▸ Dataset records:
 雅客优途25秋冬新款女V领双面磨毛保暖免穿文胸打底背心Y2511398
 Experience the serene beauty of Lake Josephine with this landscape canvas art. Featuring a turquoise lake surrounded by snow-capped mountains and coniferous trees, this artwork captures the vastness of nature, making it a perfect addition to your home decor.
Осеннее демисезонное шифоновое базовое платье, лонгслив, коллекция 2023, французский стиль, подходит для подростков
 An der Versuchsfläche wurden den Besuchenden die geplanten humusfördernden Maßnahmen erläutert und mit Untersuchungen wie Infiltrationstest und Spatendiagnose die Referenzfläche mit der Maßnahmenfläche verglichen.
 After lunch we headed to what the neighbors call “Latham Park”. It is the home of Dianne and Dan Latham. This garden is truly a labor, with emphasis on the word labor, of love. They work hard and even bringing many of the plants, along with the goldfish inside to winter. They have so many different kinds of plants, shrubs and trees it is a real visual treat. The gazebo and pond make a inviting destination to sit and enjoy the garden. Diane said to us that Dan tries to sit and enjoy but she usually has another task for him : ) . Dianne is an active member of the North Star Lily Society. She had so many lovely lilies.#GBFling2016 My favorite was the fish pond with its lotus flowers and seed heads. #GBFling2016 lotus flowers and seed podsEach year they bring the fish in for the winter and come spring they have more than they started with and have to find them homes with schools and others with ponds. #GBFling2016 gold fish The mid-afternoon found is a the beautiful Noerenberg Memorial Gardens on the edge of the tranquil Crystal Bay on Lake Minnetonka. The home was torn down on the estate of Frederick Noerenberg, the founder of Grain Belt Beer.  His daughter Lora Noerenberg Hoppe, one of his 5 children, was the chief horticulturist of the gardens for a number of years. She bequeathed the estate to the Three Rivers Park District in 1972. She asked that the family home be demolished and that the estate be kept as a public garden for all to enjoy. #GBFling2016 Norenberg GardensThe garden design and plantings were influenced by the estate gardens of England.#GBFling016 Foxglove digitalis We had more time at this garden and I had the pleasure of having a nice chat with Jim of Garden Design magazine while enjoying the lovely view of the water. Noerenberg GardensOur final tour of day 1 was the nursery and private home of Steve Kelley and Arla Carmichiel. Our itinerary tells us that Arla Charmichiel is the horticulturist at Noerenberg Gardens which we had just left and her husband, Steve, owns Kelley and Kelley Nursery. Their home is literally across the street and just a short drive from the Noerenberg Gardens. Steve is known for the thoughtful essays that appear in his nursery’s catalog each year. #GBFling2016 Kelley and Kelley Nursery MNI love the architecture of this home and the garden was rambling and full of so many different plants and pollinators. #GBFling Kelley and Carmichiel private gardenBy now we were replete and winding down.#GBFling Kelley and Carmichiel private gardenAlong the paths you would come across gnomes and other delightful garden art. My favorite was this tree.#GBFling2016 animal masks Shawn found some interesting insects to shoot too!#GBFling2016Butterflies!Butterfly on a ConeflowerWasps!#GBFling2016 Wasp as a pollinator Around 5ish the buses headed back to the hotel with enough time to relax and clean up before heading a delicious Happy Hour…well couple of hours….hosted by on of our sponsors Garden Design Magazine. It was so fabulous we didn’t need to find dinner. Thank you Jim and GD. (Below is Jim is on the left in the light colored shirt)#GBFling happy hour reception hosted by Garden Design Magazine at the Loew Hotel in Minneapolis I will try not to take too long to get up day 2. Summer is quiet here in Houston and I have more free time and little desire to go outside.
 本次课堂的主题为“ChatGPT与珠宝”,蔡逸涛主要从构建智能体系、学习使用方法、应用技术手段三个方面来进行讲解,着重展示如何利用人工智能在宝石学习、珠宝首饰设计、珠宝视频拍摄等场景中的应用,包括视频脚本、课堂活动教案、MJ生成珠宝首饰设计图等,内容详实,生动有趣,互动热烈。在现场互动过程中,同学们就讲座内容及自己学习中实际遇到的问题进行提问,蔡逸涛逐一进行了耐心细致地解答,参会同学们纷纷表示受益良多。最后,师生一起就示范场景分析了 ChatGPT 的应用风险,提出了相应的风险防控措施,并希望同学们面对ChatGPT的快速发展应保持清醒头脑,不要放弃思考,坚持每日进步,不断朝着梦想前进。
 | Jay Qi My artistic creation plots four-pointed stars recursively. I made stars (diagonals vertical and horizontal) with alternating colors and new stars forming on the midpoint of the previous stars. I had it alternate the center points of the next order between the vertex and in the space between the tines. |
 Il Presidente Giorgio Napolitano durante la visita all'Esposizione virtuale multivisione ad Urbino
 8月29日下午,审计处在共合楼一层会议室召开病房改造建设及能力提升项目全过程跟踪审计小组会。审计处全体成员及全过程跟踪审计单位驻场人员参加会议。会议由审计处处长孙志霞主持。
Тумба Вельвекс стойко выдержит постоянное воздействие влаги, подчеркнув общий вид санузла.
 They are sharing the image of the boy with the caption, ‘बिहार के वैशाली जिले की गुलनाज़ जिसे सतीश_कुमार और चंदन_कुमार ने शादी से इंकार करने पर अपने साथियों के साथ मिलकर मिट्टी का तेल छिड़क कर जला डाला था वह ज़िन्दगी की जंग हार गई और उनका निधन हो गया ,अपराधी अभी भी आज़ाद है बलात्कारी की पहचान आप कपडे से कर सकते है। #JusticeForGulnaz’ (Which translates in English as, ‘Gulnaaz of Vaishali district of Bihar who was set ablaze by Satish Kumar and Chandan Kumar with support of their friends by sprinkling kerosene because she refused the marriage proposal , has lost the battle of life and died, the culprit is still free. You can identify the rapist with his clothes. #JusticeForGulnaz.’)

▸ DIRECTIONS FOR THIS TASK:
Look back at the entries above and repeat, unchanged, every line from the line holding "8月29日下午,审计处在共合" through the line holding "Тумба Вельвекс стойко".

▸ TASK RESPONSE:
 8月29日下午,审计处在共合楼一层会议室召开病房改造建设及能力提升项目全过程跟踪审计小组会。审计处全体成员及全过程跟踪审计单位驻场人员参加会议。会议由审计处处长孙志霞主持。
Тумба Вельвекс стойко выдержит постоянное воздействие влаги, подчеркнув общий вид санузла.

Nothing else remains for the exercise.